Similarly, the PhaseShift gates have the generators \(\hat{D}_j=\tfrac{i}{2}(\mathbb{I}-Z_j)=i|1\rangle\langle 1|_j\):

>>> qml.generator(qml.PhaseShift(0.742, [0]))
(Projector(array([1]), wires=[0]), 1.0)

It turns out that these generators \(\hat{E}_{k,k+1}\) and \(\hat{D}_j\) have commutation relations equivalent to those of the irreducible matrices above, with a crucial feature in how the identification \(E_{k,k+1}\mapsto \hat{E}_{k,k+1}\) generalizes. One could try to map, say, \(E_{2, 4}\) to \(\tfrac{i}{2}(X_2 Y_4 -Y_2 X_4)\), but this will not be consistent with the operators and commutation relations in the algebra. Instead, we need to insert strings of Pauli \(Z\) operators whenever the interaction encoded by the generator is not between nearest neighbours, so that \(E_{2,4}\) maps to \(\tfrac{i}{2}(X_2 Z_3 Y_4 -Y_2 Z_3 X_4)\), which we also denote as \(\tfrac{i}{2}(\overline{X_2 Y_4} -\overline{Y_2 X_4})\). Then we have

\[\begin{split}E_{k,\ell} & \mapsto \hat{E}_{k,\ell} = \tfrac{i}{2}(\overline{X_kY_\ell}-\overline{Y_kX_\ell}),\\ F_{k,\ell} & \mapsto \hat{F}_{k,\ell} = \tfrac{i}{2}(\overline{X_kX_\ell}+\overline{Y_kY_\ell}),\\ D_{j} & \mapsto \hat{D}_{j} = \tfrac{i}{2}(\mathbb{I}-Z_j).\end{split}\]

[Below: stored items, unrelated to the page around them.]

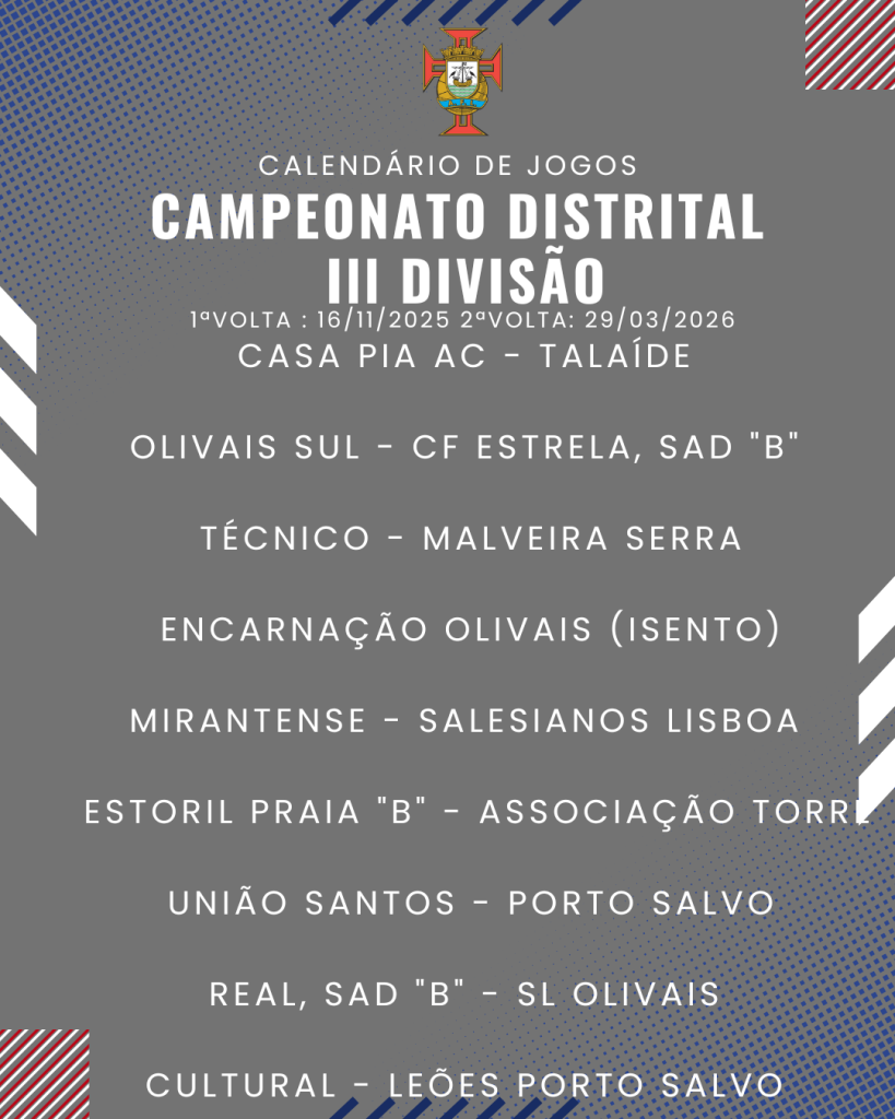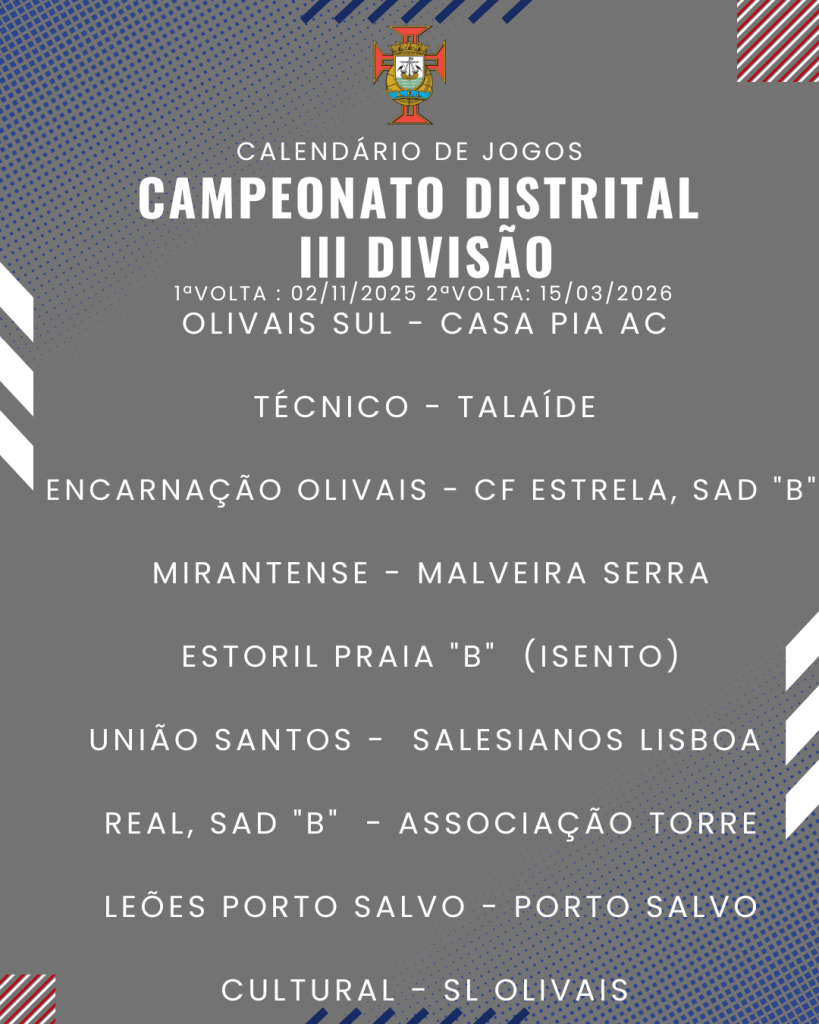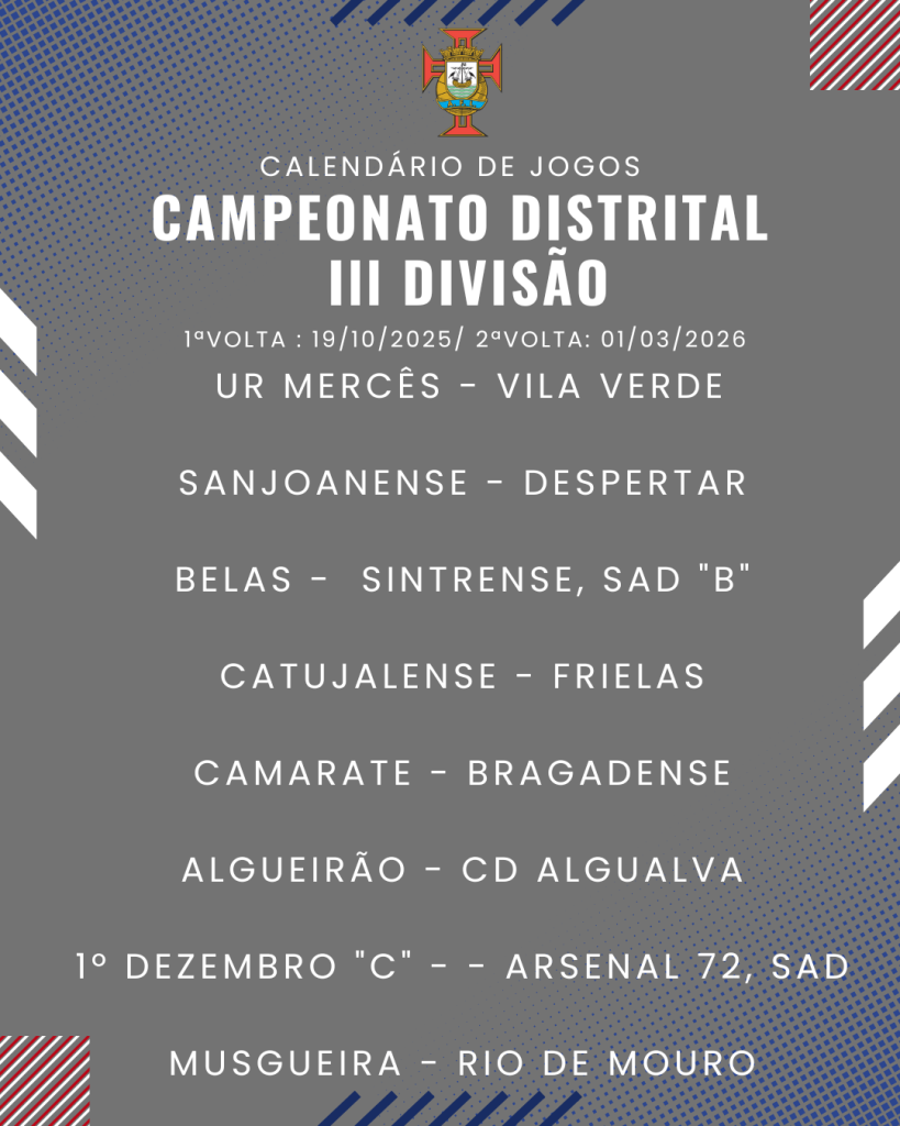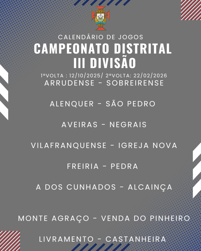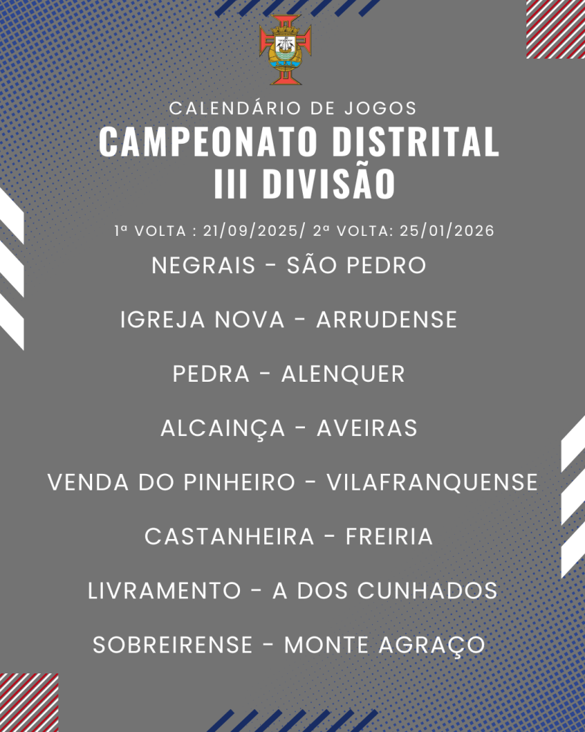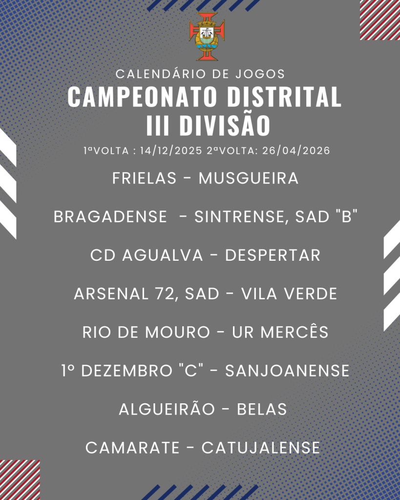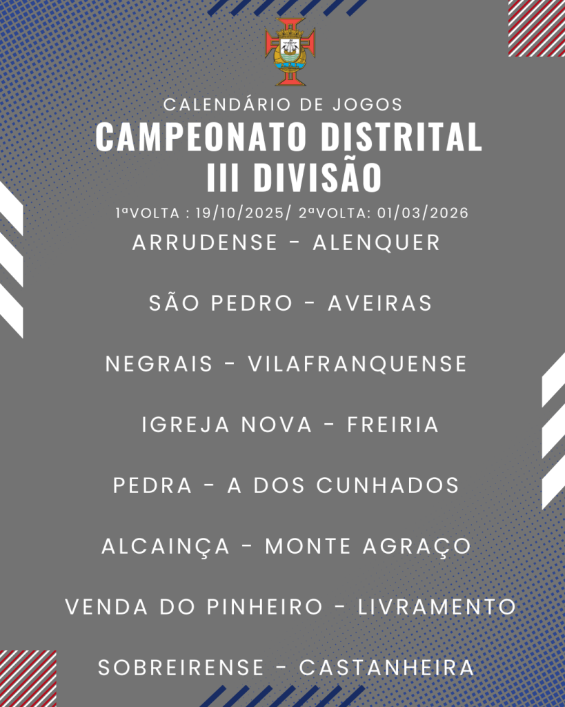 Consulta aqui o calendário completo dos jogos do Campeonato Distrital da III Divisão de Futebol – Série I, II e III:
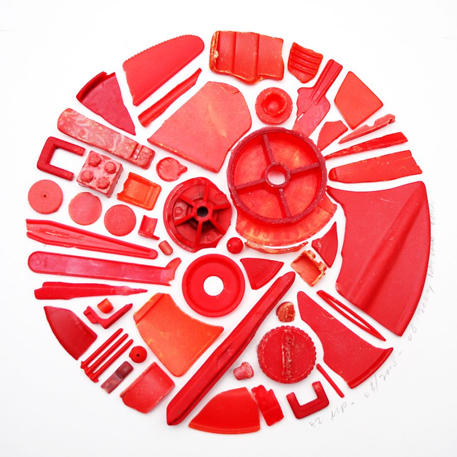 Chromatic Sampler. 2009. Found Marine plastic and text, on Card. White Box frame. Dimensions approx: 87x62x4cm.
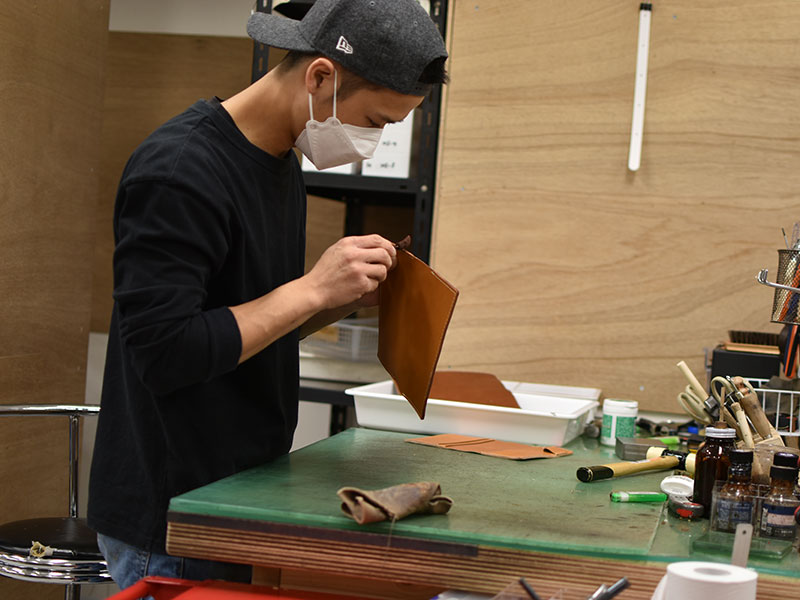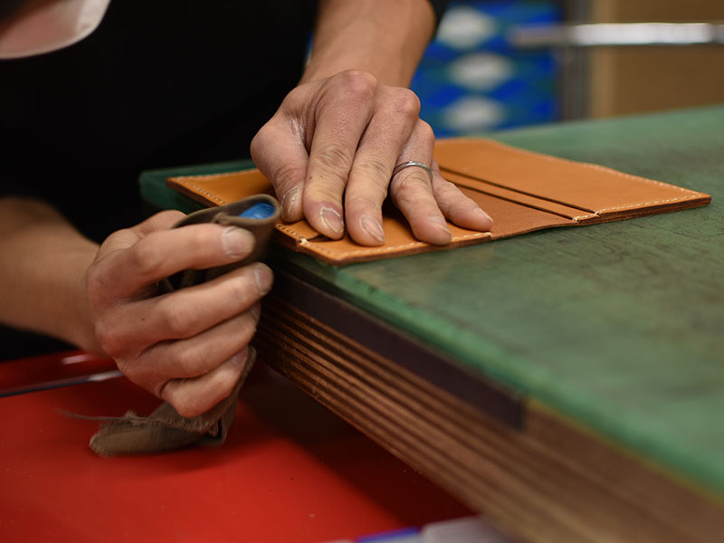 コバを磨いている所。グッと商品の印象が変わります。
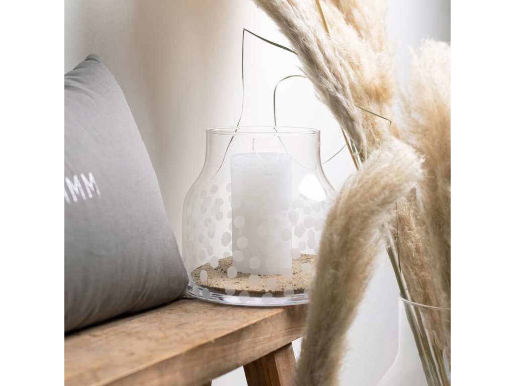 Oživte interiér ve skandinávském stylu přírodninami, zelenými rostlinami a květinami. Skleněná váza DOTS se stane elegantním prvkem v místnosti nejen během letních dnů. Vázu můžete vyplnit přírodninami nebo světýlky a vytvořit rychlý vánoční svícen.
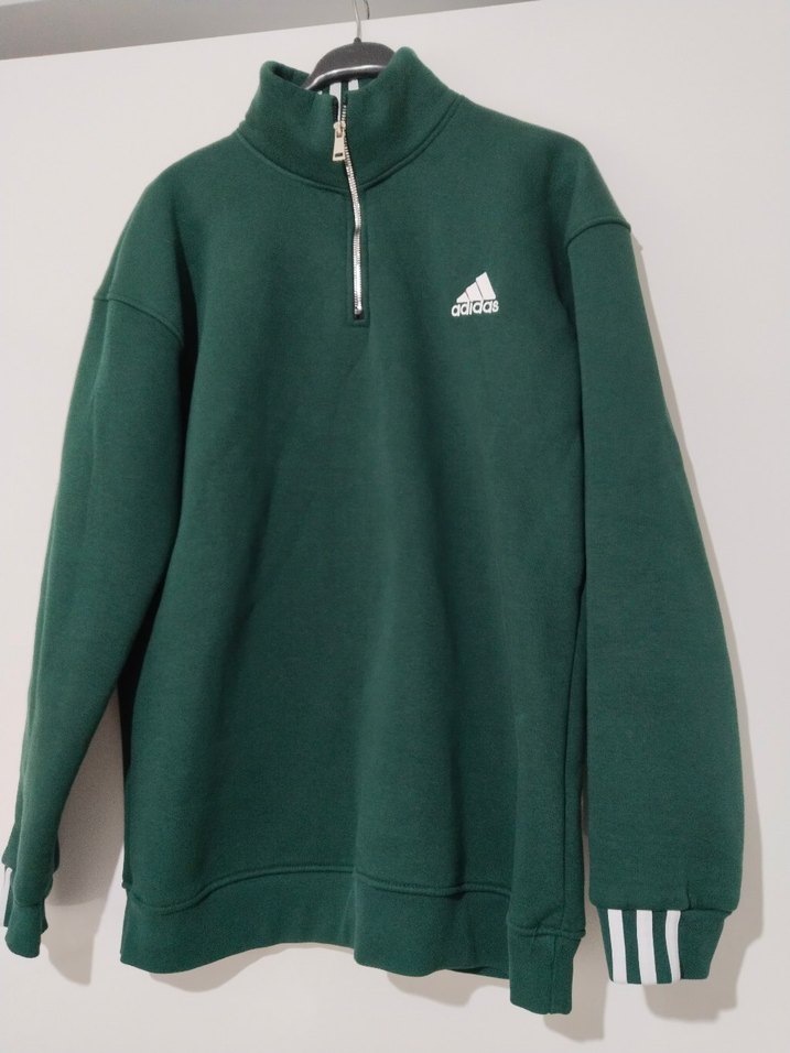 Koyu yeşil renkte, fermuarlı yüksek yakalı erkek sweatshirt. Uzun kollu, bol kesim ve yumuşak, sıcak tutan kumaştan yapılmıştır. Günlük kullanım için uygundur.
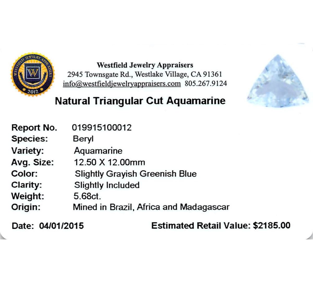One triangle cut natural aquamarine exact weight 5.68ct., clarity is slightly included, type I, medium, slightly grayish, very slightly greenish blue color, (GIA vslgB 5/2), cut is good. Westfield Appraised at $2,185.00.
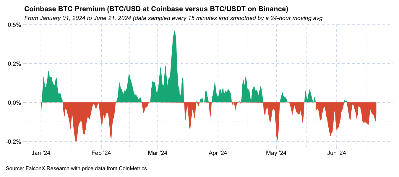 The Coinbase premium, which has been strongly correlated with the overall market direction in 2024, highlights the same trend.
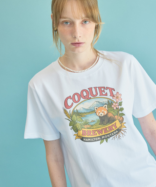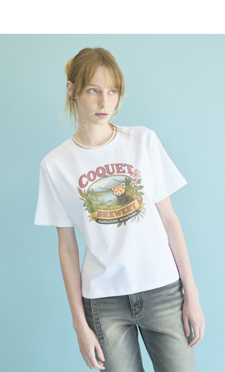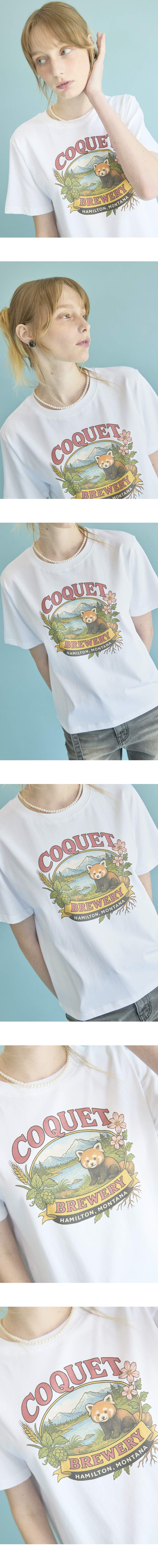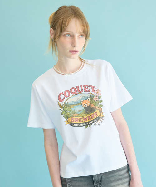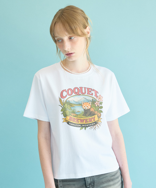 빈티지 감성의 담긴 그래픽 티셔츠입니다. 숲속 레서팬다와 야생화, 자연 풍경을 위트 있게 담아낸 일러스트가 포인트이며
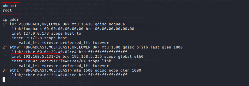 ip addr 명령어를 통해 Taeget IP주소에 접속이 되었고, root 권한을 받았다.
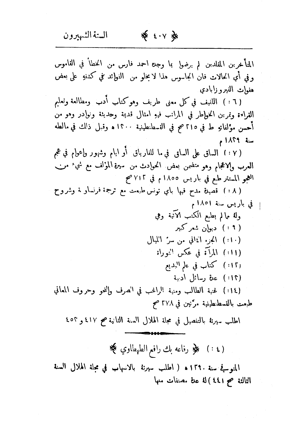 المتأخرين المقلدين لم يرضوا بما وجده أحمد فارس من الخطأ في القاموس وفي أي الحالات فإن الجاسوس هذا لا يخلو من الفوائد في كشفه على بعض هفوات الفيروزابادي 6: اللفيف في كل معنى طريف وهو كتاب ادب ومطالعة وتعليم القراءة وتمرين الخواطر في المراتب فيه امثال قديمة وحديثة ونوادر وهو من احسن مؤلفاته طبع في 215صح في القسطنطينية 1300هـ وقبل ذلك في مالطة سنة 1839م 7: الساق على الساق في ما للفارياق او ايام وشهور واعوام في عجم العرب والاعجام وهو متضمن بعض الحوادث من سيرة المؤلف مع شيء من الهجو المستتر طبع في باريس 1855م في 712صح 8: قصيدة مدح فيها باي تونس طبعت مع ترجمة فرنسية وشروح في باريس سنة 1851م وله مما لم يطبع الكتب الآتية وهي: 9: ديوان شعر كبير 10: الجزء الثاني من سر الليالي 11: المرآة في عكس التوراة 12: كتاب في علم البديع 13: عدة رسائل ادبية 14: غنية الطالب ومنية الراغب في الصرف والنحو وحروف المعاني طبعت في القسطنطينية مرتين في 278صح اطلب سيرته بالتفصيل في مجلة الهلال السنة الثانية صح 417 و 453
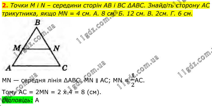 2. Точки М i N – середини сторін AB і ВС ∆АВС. Знайдіть сторону АС трикутника, якщо MN = 4 см. А. 8 см. Б. 12 см. В. 2см. Г. 6 см. MN — середня лінія ∆АВС. MN ∥ АС; MN = 1/2AC. Тому АС = 2MN = 2 x 4 = 8 (см). Відповідь: А.

The fact that we need to use \(\overline{X_kY_\ell}\) instead of \(X_kY_\ell\) is a consequence of mapping fermions onto qubits via the Jordan-Wigner transformation. Depending on the application, the relative signs between operators in this mapping need to be evaluated with extra care.

Real rotation matrices

It is common for the orbital rotation matrix implemented by BasisRotation to be real-valued and thus orthogonal. The generators \(E_{k,k+1}\) generate the Lie algebra \(\mathfrak{so}(N)\), which means that the Givens rotations \(T_k\) are sufficient to factorize the full rotation, and only SingleExcitation gates are needed in the quantum circuit. A small exception occurs for orthogonal matrices that are not special orthogonal (unit determinant), i.e., that have determinant \(-1\). For those, the sign of one row or column of the matrix can be inverted, corresponding to a phase flip gate PauliZ in the circuit. The new matrix then has a unit determinant and can be implemented exclusively with SingleExcitation gates.